Without copying any picture, transcribe exactly the lines of the data below from the one containing "Срок сдачи: 2" through the one containing "サンセベリア ①植え替えを先延ばししていた現在の姿 ②決心して鉢を開けてみると5株に増え".
*** Begin section ***
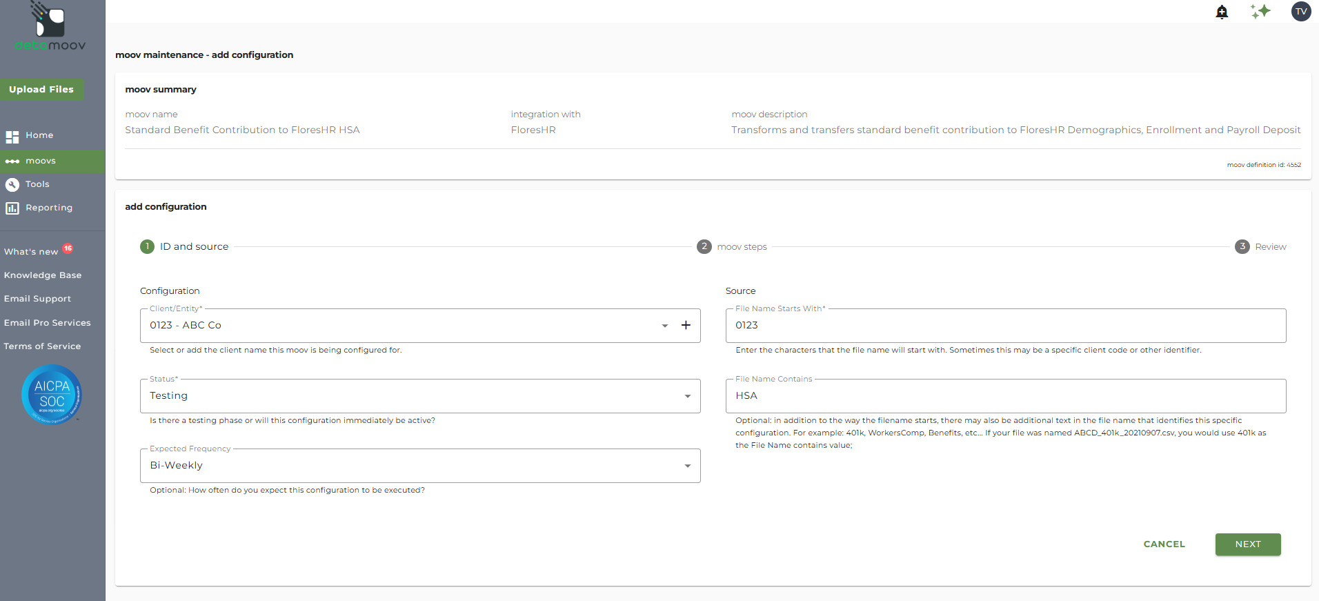 Note: the Standard Benefit Contribution to FloresHR generates two separate files: Demographic/Enrollment and Payroll Deposit. This article will define the configuration needed to send both formats in a single moov.
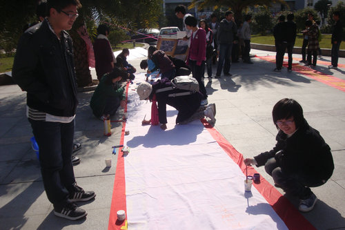 12月8日中午12点30分,金沙集团1862cc团委学生会社团部举办了“纪念一二•九”涂鸦活动。院大一大二各班级均积极参与,在宿舍C区中心花园进行了涂鸦活动,向一二•九运动致敬。
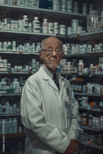 Professional Senior Caucasian Pharmacist in Pharmacy
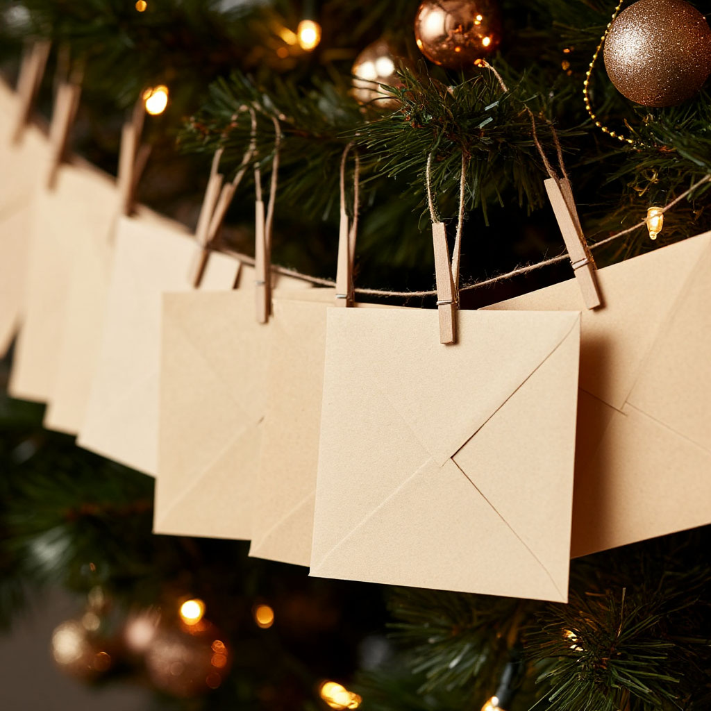 Что понадобится: конверты (можно собрать из бумаги, обклеить винтажными открытками или купить готовые, бечевка, прищепки, трафареты с цифрами или маркер, элементы декора (ветки, ягоды).
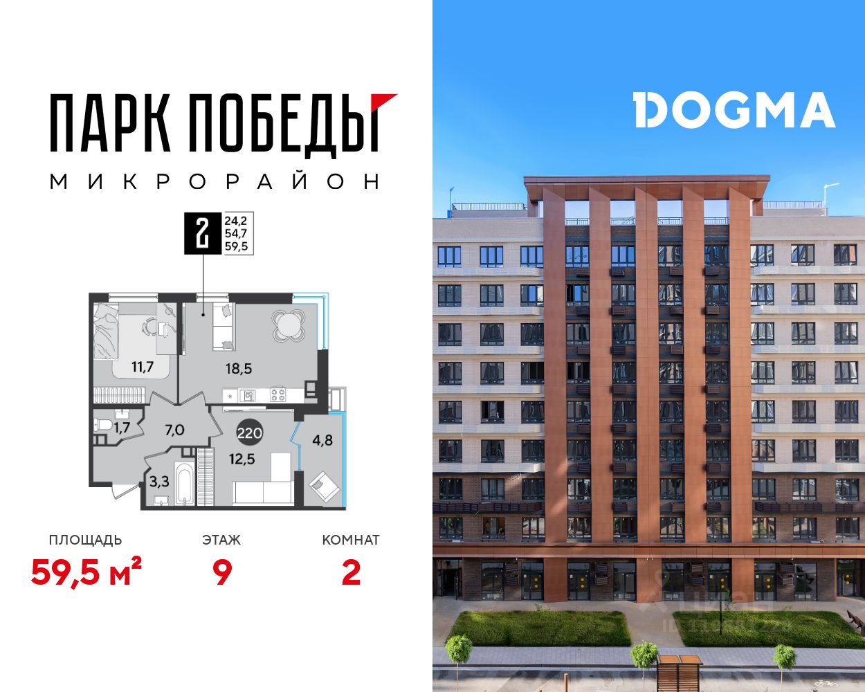 Срок сдачи: 2 кв. 2026, общей площадью 59.5 кв.м., на 9 этаже.
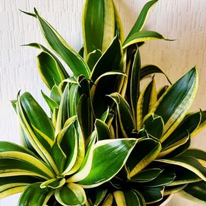 サンセベリア ①植え替えを先延ばししていた現在の姿 ②決心して鉢を開けてみると5株に増え ③ようやく植え替え終了でスッキリ ④4年前ダイソーからお迎えしたときの姿
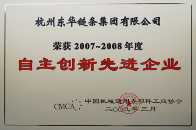 鑒于東華鏈條集團(tuán)在國內(nèi)鏈條領(lǐng)域中不斷自主創(chuàng)新,填補(bǔ)了多項國內(nèi)空白,為我國的鏈條事業(yè)作出了杰出貢獻(xiàn)。日前,中國機(jī)械通用零部件工業(yè)協(xié)會授予東華鏈條集團(tuán)“2007-2008年度自主創(chuàng)新先進(jìn)企業(yè)”榮譽(yù)稱號。
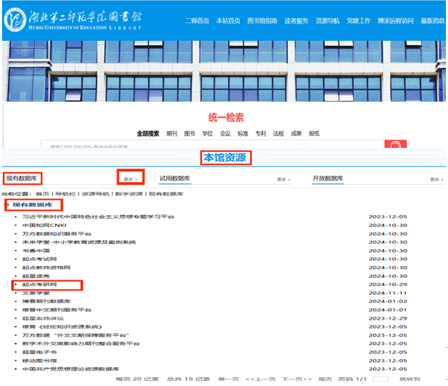 ①在湖北第二师范学院图书馆主页→②点击“本馆资源”→③在“现有数据库”中→④点击“更多”→⑤选择“起点考研网”进入主页→⑥点击“考研直播”栏目进入新页面→⑦点击预约用微信扫码进行收听即可。
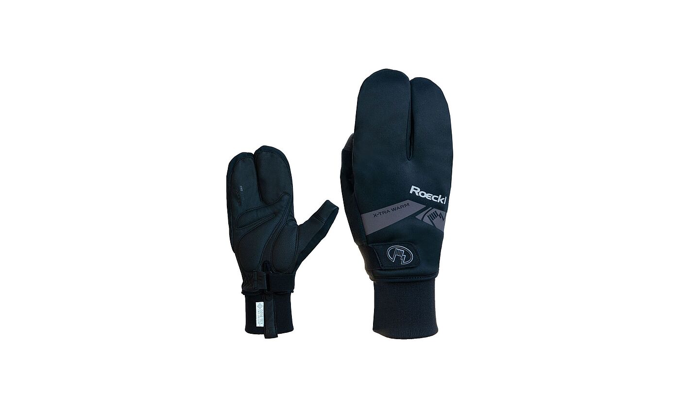 Für den Wintereinsatz gedacht ist der Pearl Izumi AmFIB Gel Glove mit fünf Fingern (79,95 Euro). Besonders warm sind Fäustlinge, die aber beim Fahrrad unpraktisch sind. Daher gibt es als Zwischenlösung Handschuhe, die an Hummerscheren erinnern: Sie umfassen jeweils zwei Finger und den Daumen extra. So lassen sich jeweils zwei Finger unabhängig voneinander bewegen. Ein Beispiel ist der Roeckl Villach Lobster (69,95 Euro).
*** End section ***
§ Answer to this exercise:
 Срок сдачи: 2 кв. 2026, общей площадью 59.5 кв.м., на 9 этаже.
 サンセベリア ①植え替えを先延ばししていた現在の姿 ②決心して鉢を開けてみると5株に増え ③ようやく植え替え終了でスッキリ ④4年前ダイソーからお迎えしたときの姿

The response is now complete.